What is RAID?
Originally, as envisaged in 1987 by Patterson, Gibson and Katz from the University of California in Berkeley, the acronym RAID stood for a "Redundant Array of Inexpensive Disks". In brief a larger number of smaller cheaper disks could be used in place of a single much more expensive large hard disk. (Or even to create a disk that was larger than any currently available).
They went a stage further and postulated a variety of options that would not only result in getting a big disk for a lower cost, but could improve performance, or increase reliability at the same time. Partly the options for improved reliability were required as using multiple disks gave a reduction in the Mean Time Between Failure, divide the MTBF for a drive in the array by the number of drives and theoretically a RAID will fail more quickly than a single disk.
Today RAID is usually described as a "Redundant Array of Independent Disks", technology has moved on and even the most costly disks are not particularly expensive.
Five levels of RAID were originally defined, some geared towards performance, others to improved fault tolerance, though the first of these did not have any "redundancy" or "fault-tolerance" so might not truly be considered RAID.
Whilst a high level of additional data security is added by some RAID levels, RAID data recovery can still be needed as multiple disk failures can occur and the levels of protection are no guard against file system corruption or accidental file deletion.
RAID levels 0, and 2-5 use a technique known as "data striping". Rather than filling one disk then moving on to the next (spanning), a unit of data transfer known as a stripe is defined.
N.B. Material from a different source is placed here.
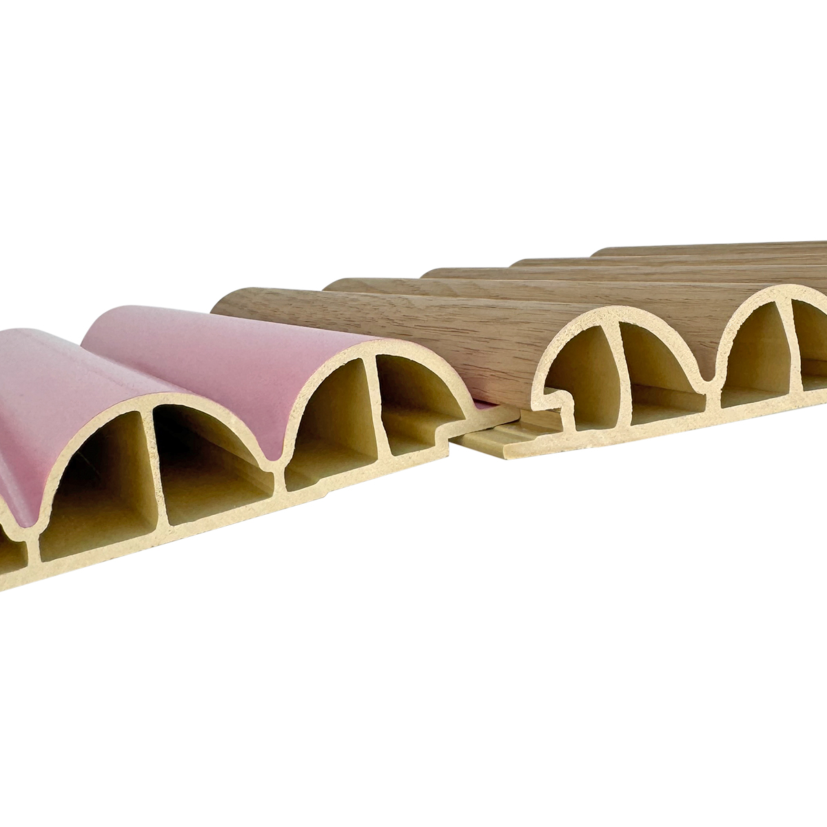 Indoor WPC 180 Five Semicircular Fluted Panels offer a flexible solution for interior decoration that combines functionality and design with a practical aesthetic at its core. The panels are made of environmentally friendly wood-plastic composite material, combining thermal, moisture and acoustic properties to meet the different needs of walls and ceilings. The unique groove structure and natural wood grain surface not only enhance the three-dimensional sense of space, but also simplify daily cleaning and maintenance, which is suitable for the pursuit of quality home and commercial space.
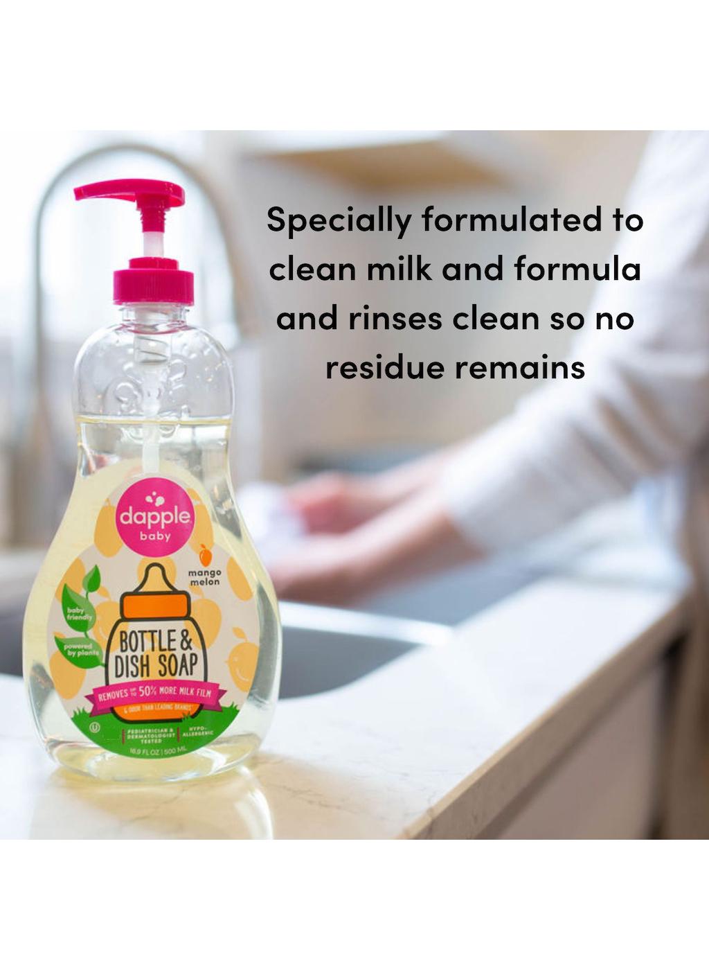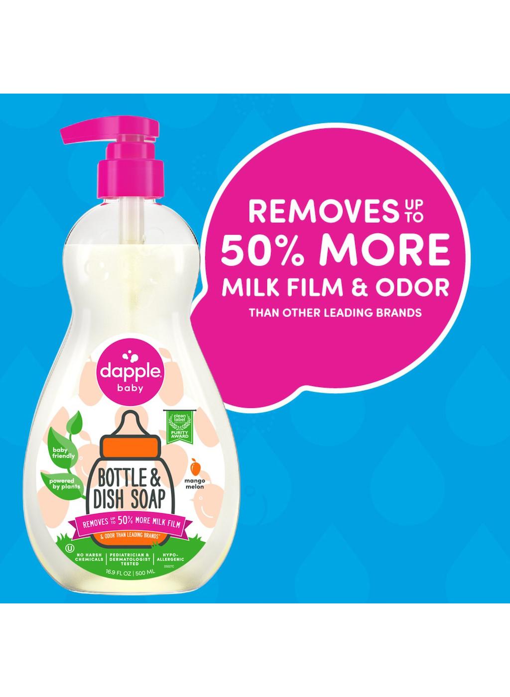 Made with plant-based ingredients and none of the things moms worry about, Dapple Bottle & Dish Soap is specifically formulated to remove the fats, proteins, and carbs left behind by breast milk and formula.

This could be 512 bytes x the number of disks, it could be several megabytes, but usually it is in the 64K to 256K range. A "stripe" of data is written as a sequence of equal sized sections of data to each drive in sequence. E.g. 64KB written to disk 0, then 64KB written to disk 1 and so on until 64KB is written the final disk in the RAID set. These 64KB sections, across each of the disks in the set, form one "stripe".
This technique balances load across the disks, and provides a performance gain especially when writing large volumes of sequential data. Write data to one drive, then onto the next, by the time you get back to the first drive it has had more than enough time to commit the data and be ready for more.
Hardware or Software RAID?
RAID describes how data is stored not how disks are managed. RAID capability can be provided either by a controller that presents the host system with a single data space (hardware RAID) but can also be provided by the operating system. An O/S can provide an abstraction layer whereby it sees several drives but presents a single volume to applications.
Hardware RAID has advantages in that the RAID can be transferred to another system more easily and the RAID operation does not require any OS resources.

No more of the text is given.